The surname Kearney is the equivalent of the Scottish Cairney so this is how the family name was written in Scotland. They wouldn't argue as they couldn't read or write, going by the x marks on the registers. Her son Patrick could at least sign his name and was possibly a beneficiary of a good Scots education.
Little is known of Catherine until 1871, the first census with the family in Scotland. They were living in Holygate in Broxburn and Catherine was a housekeeper as well as a mother of four. Whether the housekeeping was at another house or whether having two Irish labourers living with them made her a housekeeper of her own home, I'm not sure. Ten years later there were seven children with her and no boarders but a year later she had no husband as he died over in Kinghorn in, to us, mysterious circumstances. That left her with seven children aged 16 or under. Her eldest son had left home to work but, as he never married and he was back in the house along with his mother and younger siblings by the next census, you get the feeling he stepped in to be the substitute Dad. One of the sons was Barnerd and that is definitely how it was spelt in the ledger. If you adopt a broad Ulster accent and say Bernard you can see how the census enumerator could think that was how it was spelt.
Having been in Airdrie, Broxburn/Uphall, East and West Calder and Bathgate she continued to move round and Philpstoun, Craigton and Bridgend were next, all with eldest son Patrick.
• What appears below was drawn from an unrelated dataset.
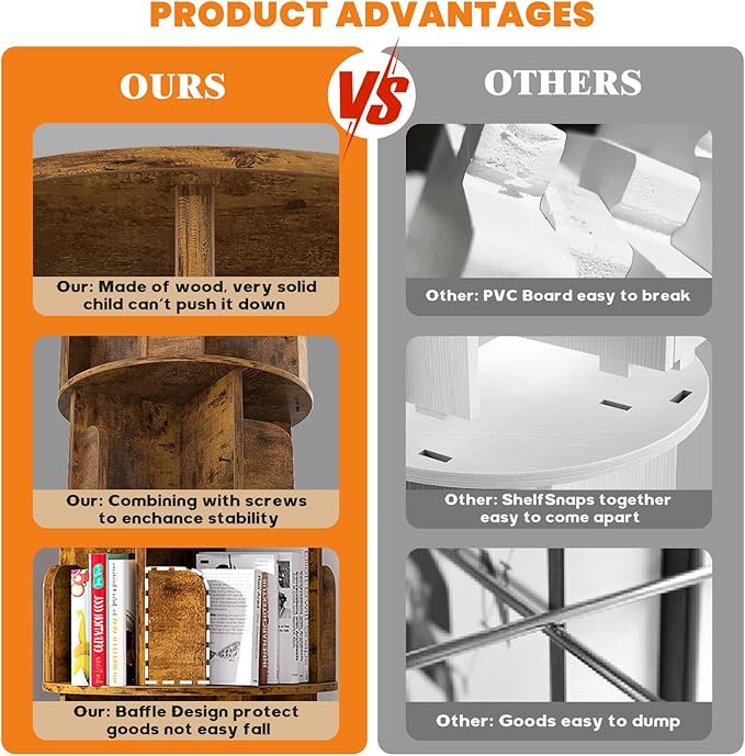 - 【Pretty stable 360° Spinning Bookcase】The Narrow Book Storage Shelf is made of high-quality E1 MDF Board, matel screws reinforcement, excellent stability and durability. It is very stable once assembled, won't have any tilt or shaking during the entire rotation process of the bookshelf.
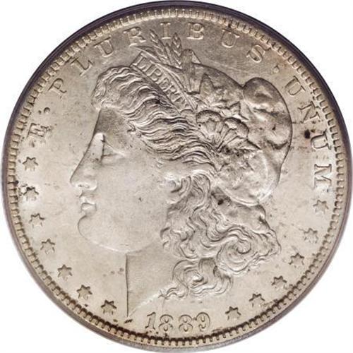 <B>1889-CC $1 AU53 PCGS.</B></I> Both sides of this piece have light champagne color over silver luster with a few specks of dark toning, primarily on the obverse. Each side has the usual minor abrasions and tiny scratches that are expected at the grade. A delightful example that is elusive in this quality.<BR><BR><B>Coin Engraver:</B> George T. Morgan<BR><BR><b>Shipping:</b> Coins & Currency (<a target="_blank" href="http://www.heritageauctions.com/common/shipping.php">view shipping information</a>)

Even in the last two censuses, when she was over sixty she was noted as being a housekeeper. An ordinary housewife wouldn't usually be noted as such so it seems she still was working at an advanced age. The Bridgend address intrigued me as Auldhill Entry is a street of houses which are definitely not a hundred years old. They are part of the planned village of the 1930s. I can only surmise that the original Bridgend Rows were known as Auldhill Entry at the time of the census. Then again, given that the enumerator had Bridgend as a part of Carriden maybe we shouldn't look too deeply at anything else in the data.
At her death, her father, whose first name wasn't known, was marked as an Oilworks Labourer. This suggested that her parents had come over from Ireland as well but I'm afraid there is no tangible sign of them.
Catherine was the first in a line of three Catherine Kellys. She became one when she married Hugh Kelly, her daughter was born with the name and by dint of the illegicimacy so was the next one.